Several news outlets are reporting that Nigerian soldiers opened fire on unarmed protestors at the Lekki Toll Gate near Lagos city, leaving an undetermined number of demonstrators dead or injured. This incident is the latest example of violence being committed against civilians who are engaged in the #EndSARS Campaign that have rocked Nigeria for the past two weeks.

As Blavity previously reported, the #EndSARS movement emerged in Nigeria earlier this month to protest widespread abuses by the now disbanded Special Anti-Robbery Squad (SARS) police unit. Nigerian President Muhammadu Buhari banned SARS on October 11, but the protests continued and have now transformed into a larger movement demanding political and economic reforms within the country and an end to corruption.

State and national government officials have been increasingly cracking down on the protests since SARS was eliminated. The governor of Nigeria’s Rivers State banned further protests following the disbanding of SARS. Other areas of the country, including the federal capital, Abuja, likewise banned protests, but these bans have largely been ignored by Nigerians fed up with corruption and abuse within the country.  

Last week, Amnesty International reported that 10 people died and hundreds more were injured during the protests.

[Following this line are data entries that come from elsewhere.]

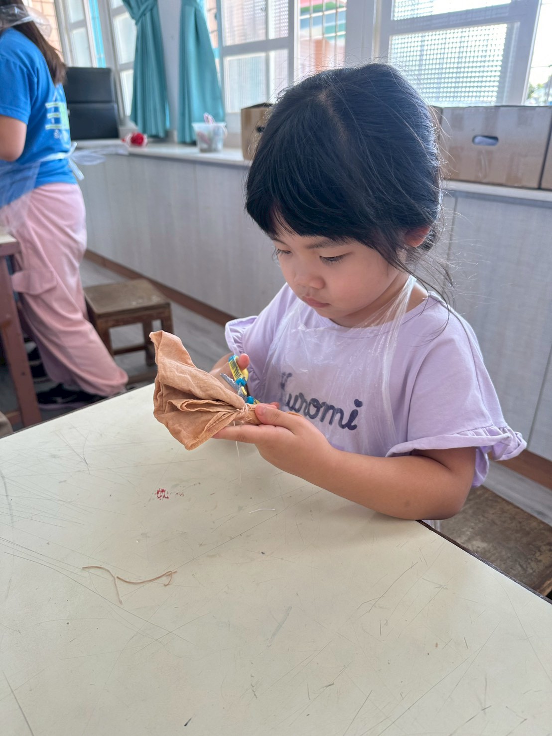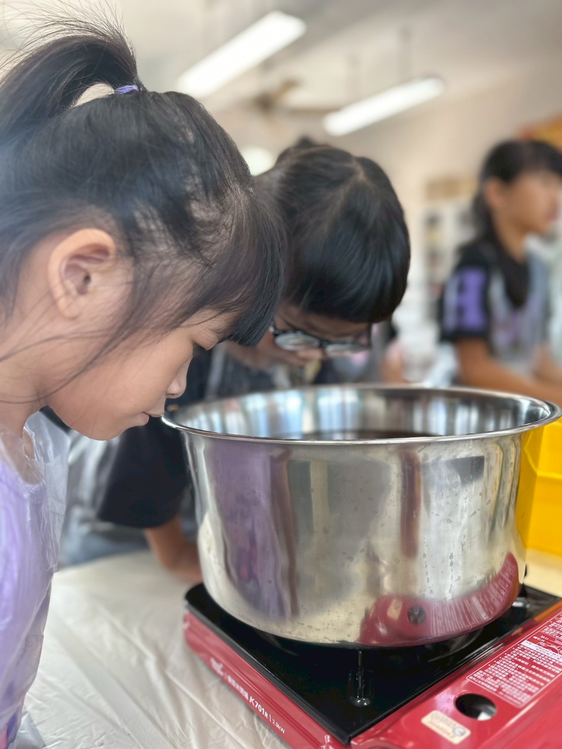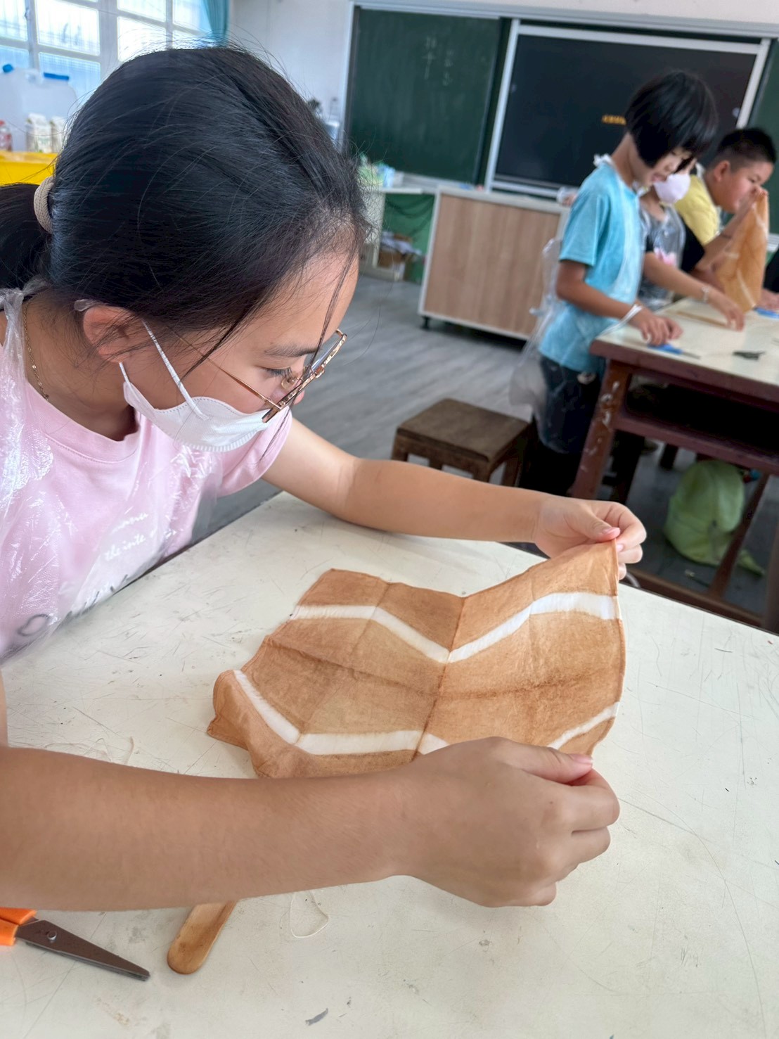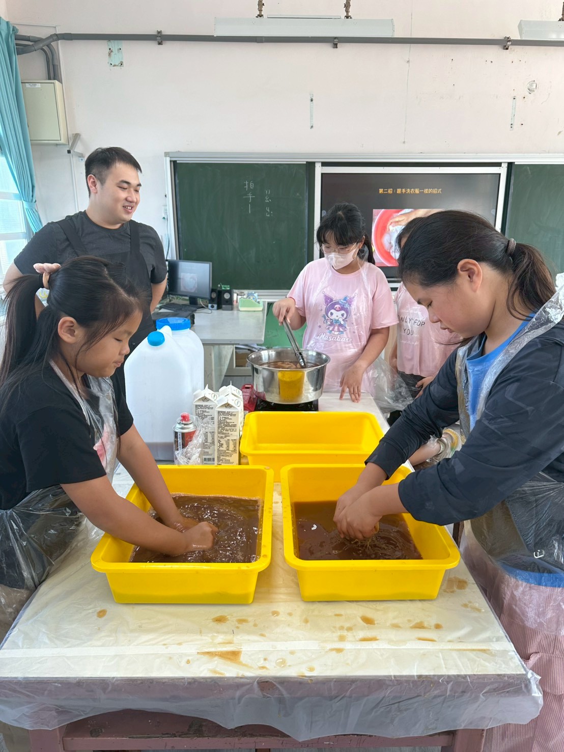 張順治講師表示,這次紮染課程的靈感源自藍染技法。進行多次試驗,發現紅蔥頭煮出的染汁色調溫潤且層次自然,非常適合孩子創作,因此決定將這份「在地食材、創意染色」的想法帶入校園。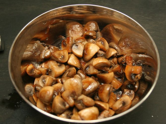 - Шампиньоны можно не варить, но если решили подстраховаться, то им хватит пяти минут.
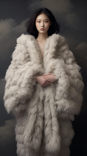 a Korean female model wearing Prada style cashmere dress ;little fluffy ;--v 5.2 ; --ar 9:16
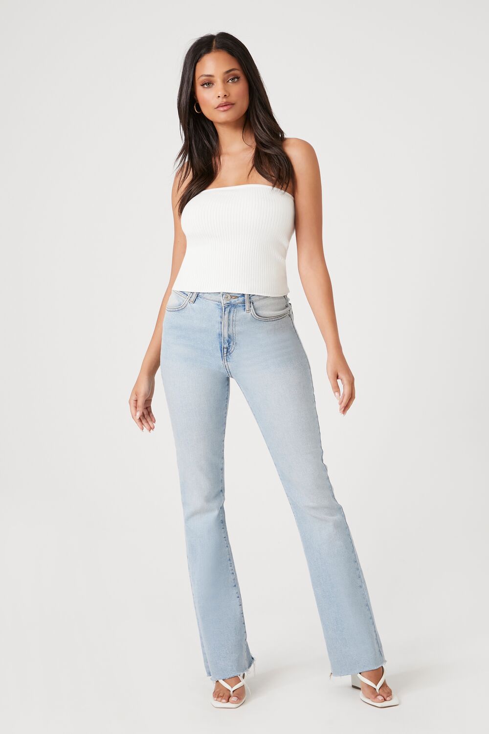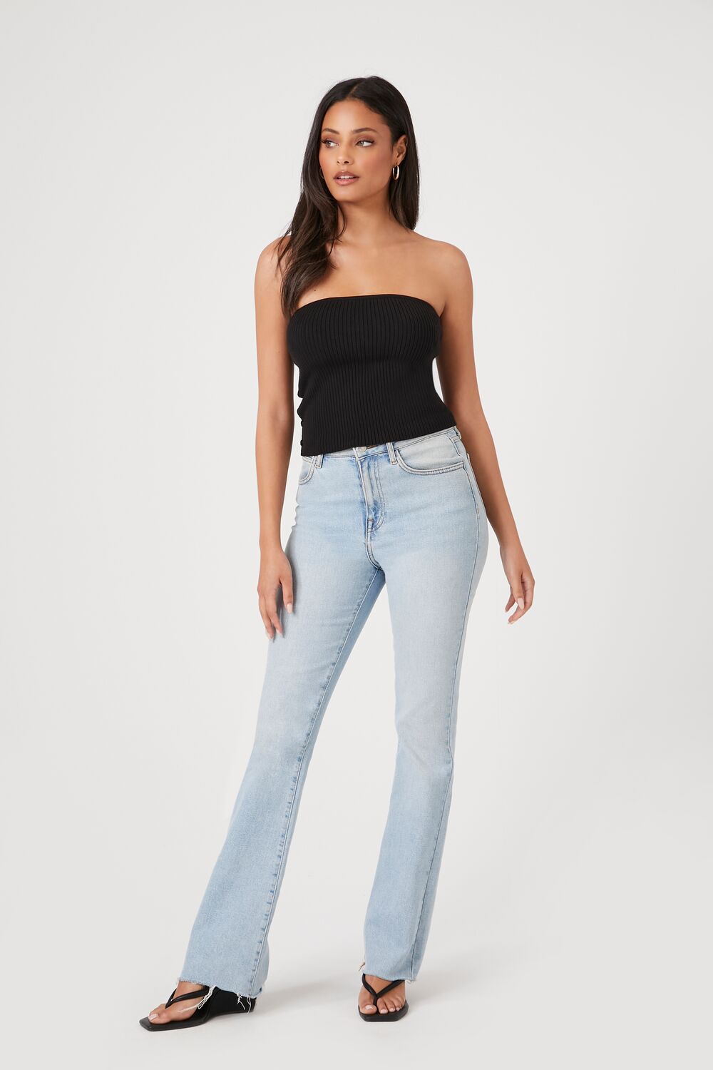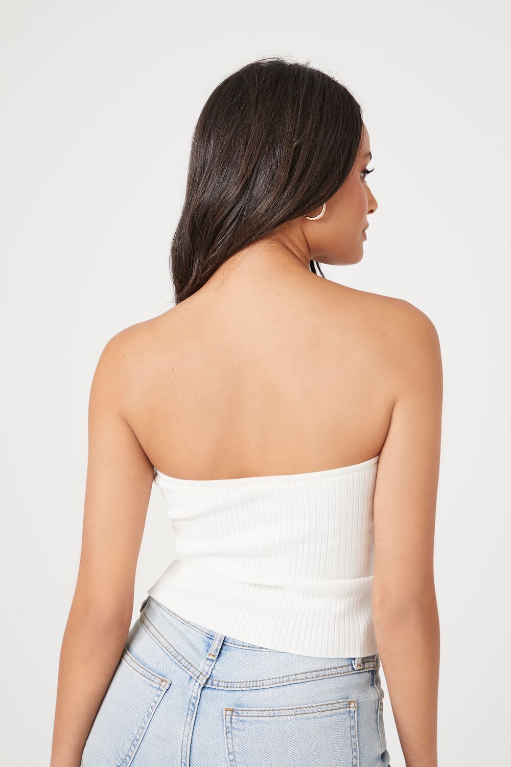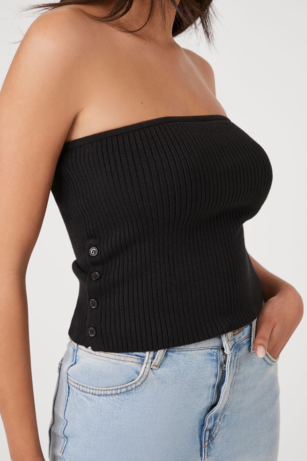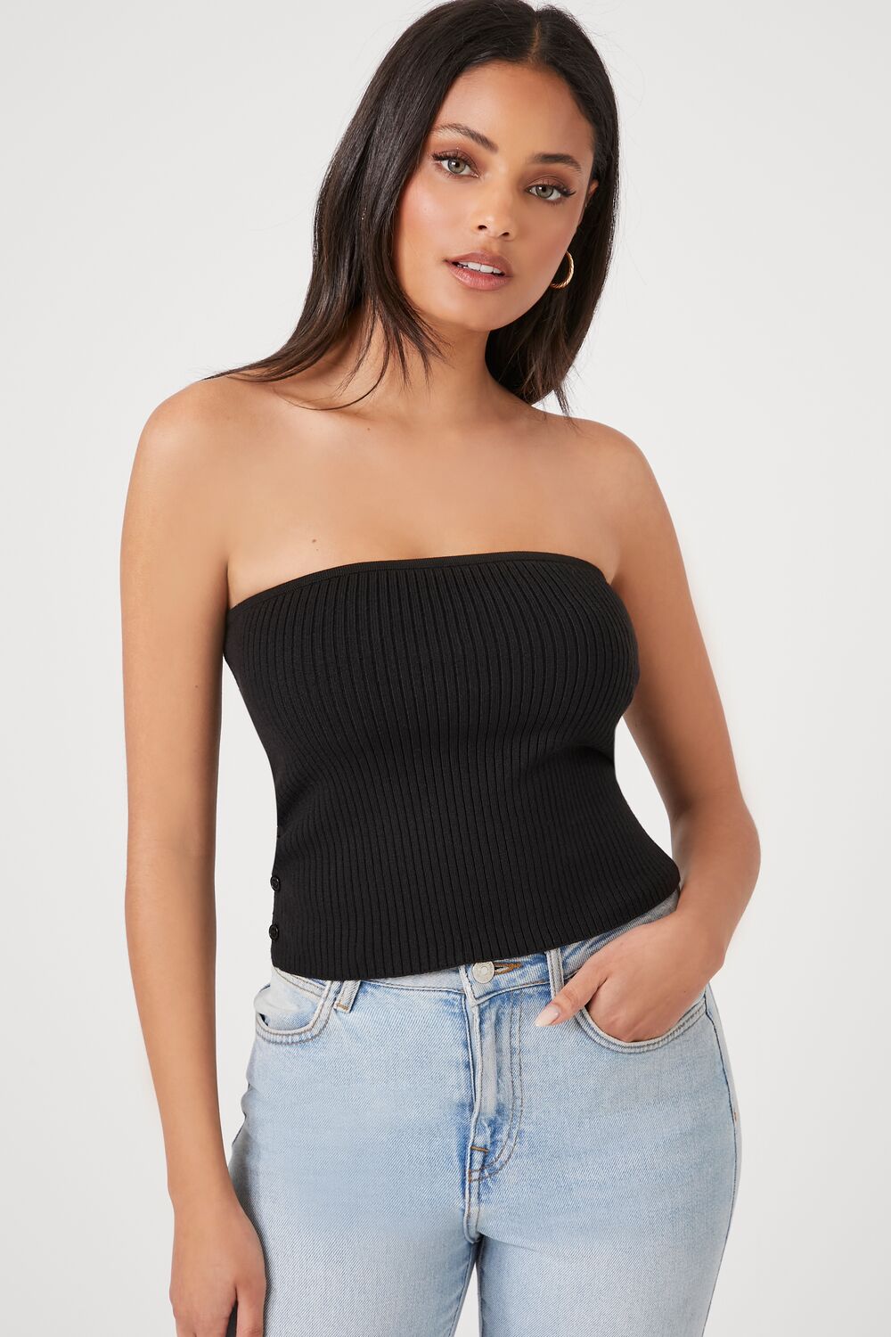 A sweater-knit tube top featuring an allover ribbed construction. side buttons. and a straight-cut neckline and back.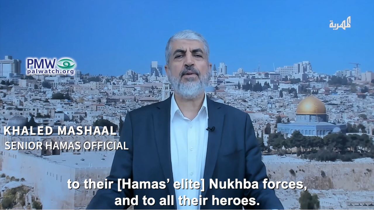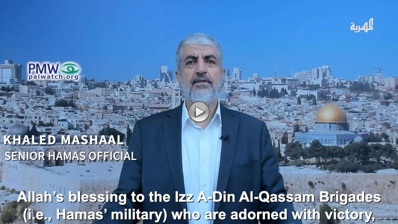 Senior Hamas official Khaled Mashaal made a special speech to celebrate Hamas’ horrific atrocities. He sent “Allah’s blessings” to all the Hamas leaders involved in the planning of the Hamas pogrom, specifically mentioning Muhammad Deif and Yahya Al-Sinwar and “to everyone who prepared, organized, arranged, and made this dream come true… They brought about this glory.”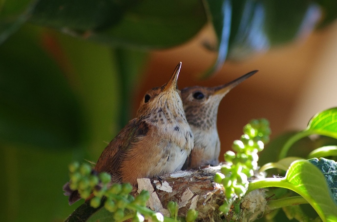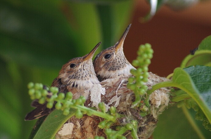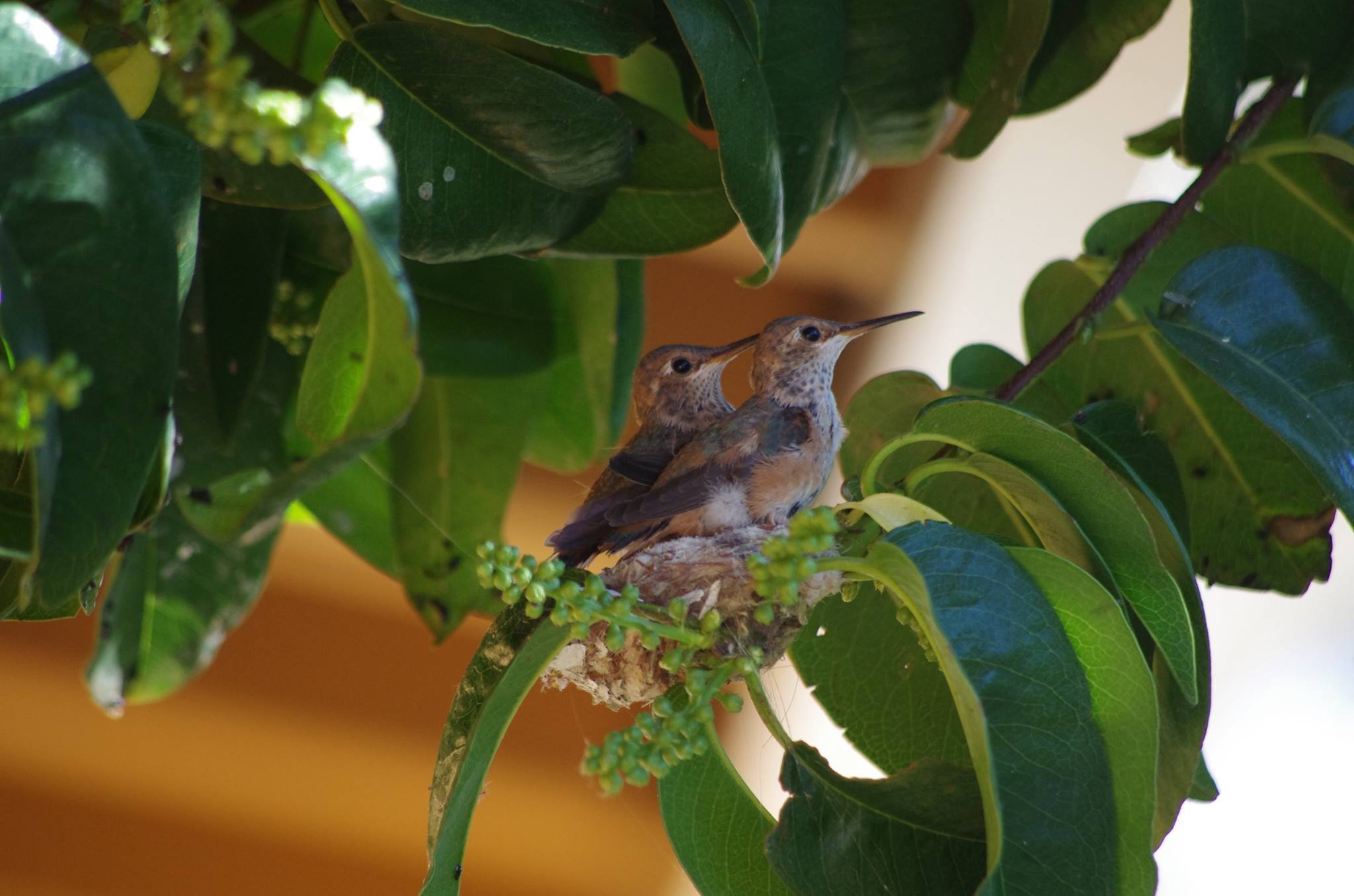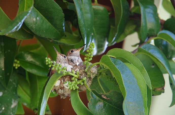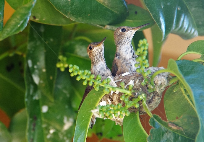 Looks like they’re just about ready to fledge. Hummingbirds fledge at about age 3 weeks, so within the week they’ll be off and flying on their own, and mom will be getting ready to lay a new clutch in that nest!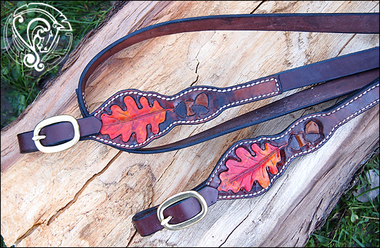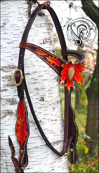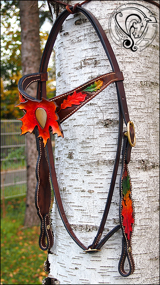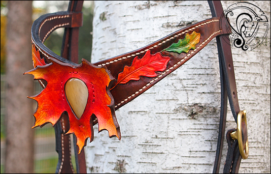 Dunkelbrauner Edelstein-Westernzaum zum Thema Herbstwald,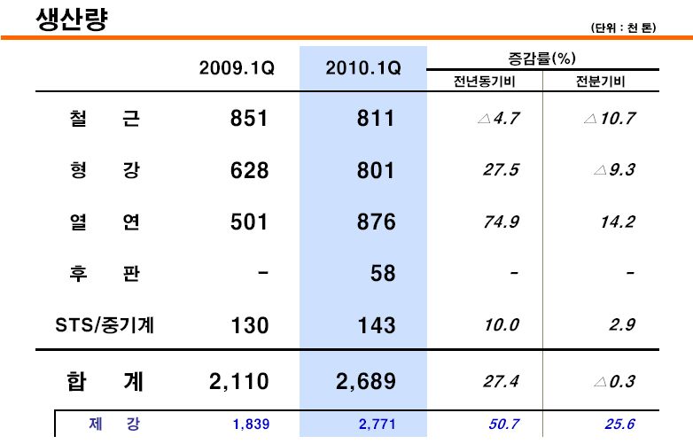 (표) 현대제철 1분기 제품 생산량 및 판매량 ▲ 현대제철 1분기 제품 생산량 ▲ 현대제철 1분기 제품 판매량 박형호 phh@snmnews.com 다른 기사 보기 관련기사 현대제철, 목표주가 상향 잇따라 저작권자 © 철강금속신문 무단전재 및 재배포 금지
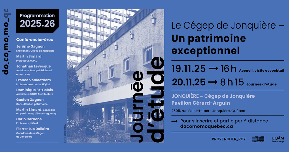 « Événement organisé par le Cégep de Jonquière et Docomomo Québec, les 19 et 20 novembre 2025.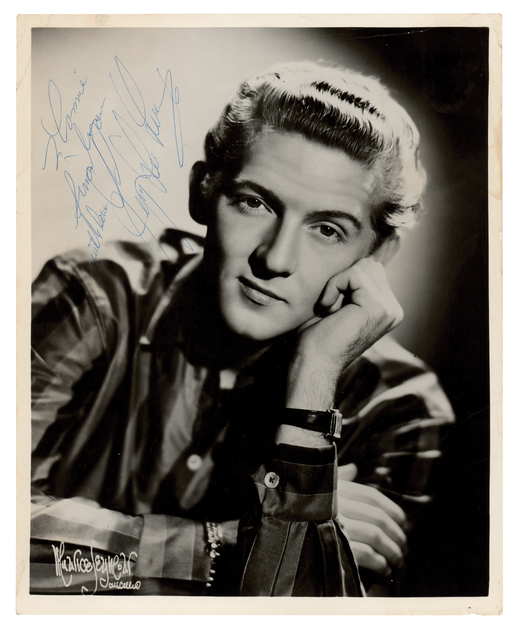 Vintage glossy 8.25 x 10 publicity photo of Lewis by the Maurice Seymour Studio, signed and inscribed in blue ballpoint, "To Connie, Sincerely yours, with love, Jerry Lee Lewis.” In very good condition, with creasing and emulsion irregularity, primarily to the perimeter.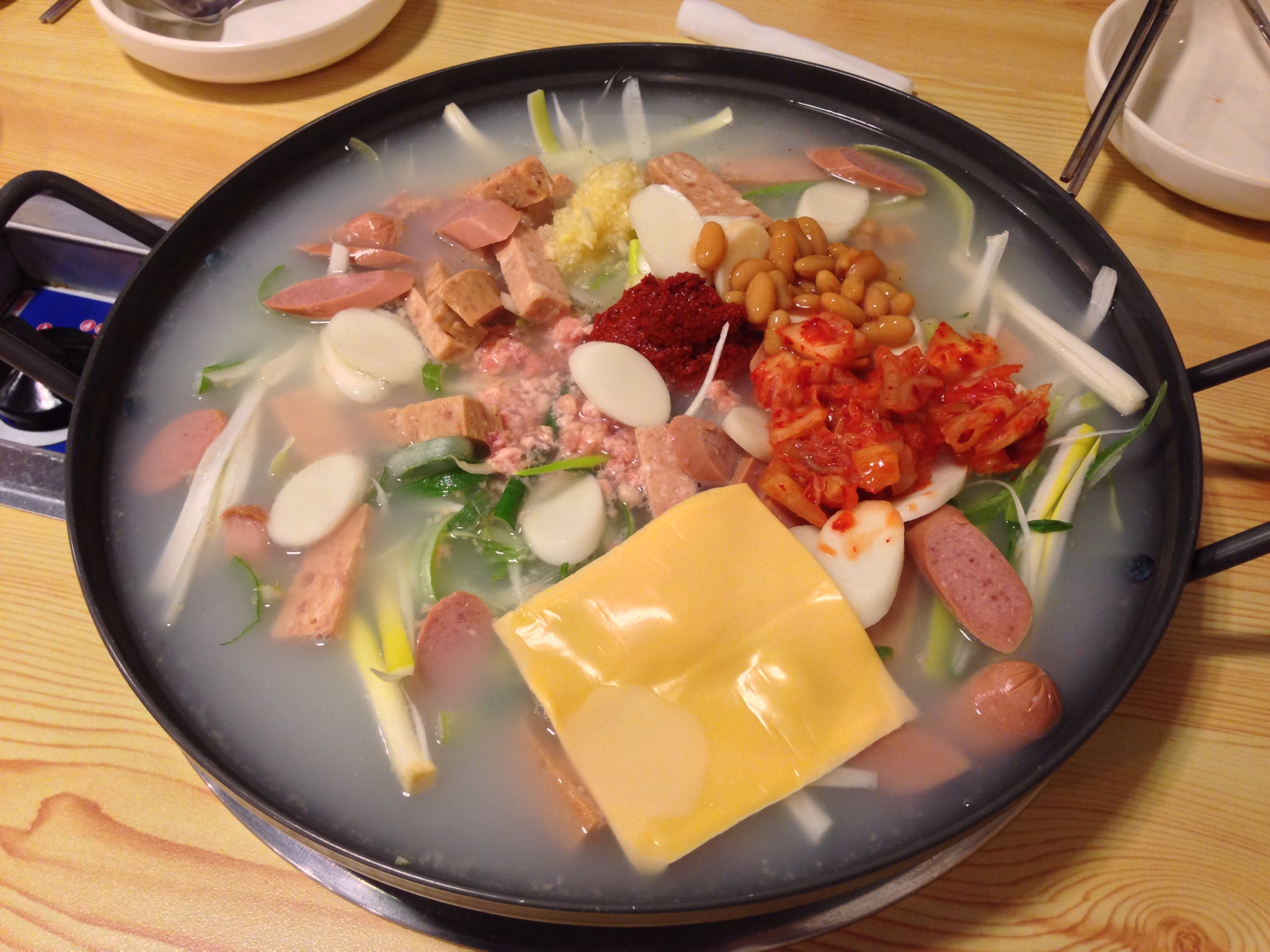 주 재료 | 햄, 핫도그, 스팸, 구운 콩, 김치, 인스턴트 라면, 고추장, 아메리칸 치즈 |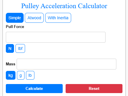 Understanding pulley acceleration is important when analyzing lifting systems, belt drives, or basic mechanical motion. This Pulley Acceleration Calculator allows you to evaluate how different forces and masses influence system movement under real working conditions. Whether you’re testing a simple pull force, studying an Atwood machine setup, or including pulley inertia for more realistic results, this tool helps visualize how acceleration changes.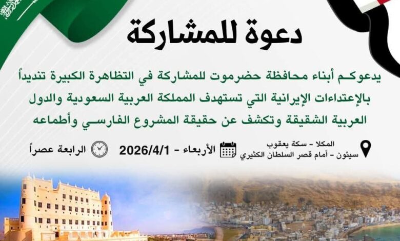 سلطة حضرموت تدعو لاحتشاد شعبي تأييدًا للمملكة وتؤكد وحدة الموقف في مواجهة التهديدات الإقليمية

The human rights organization accused government forces of “excessive force, including firing live ammunition, water cannon, throwing tear gas into crowds, beating and arresting protesters” as well as targeting journalists. Armed vigilante gangs have also targeted protestors with violence. Recent news reports have increased the death toll to at least 15, a figure which does not include the victims of the recent Lekki shooting.

In response to events in Lagos, the Governor of Lagos State (which includes the city) Babajide Sanwo-Olu, declared an indefinite 24-hour curfew throughout the state. The curfew, originally set to begin 4 p.m. on Tuesday, was pushed back to 9pm to allow residents stuck in traffic to make it home.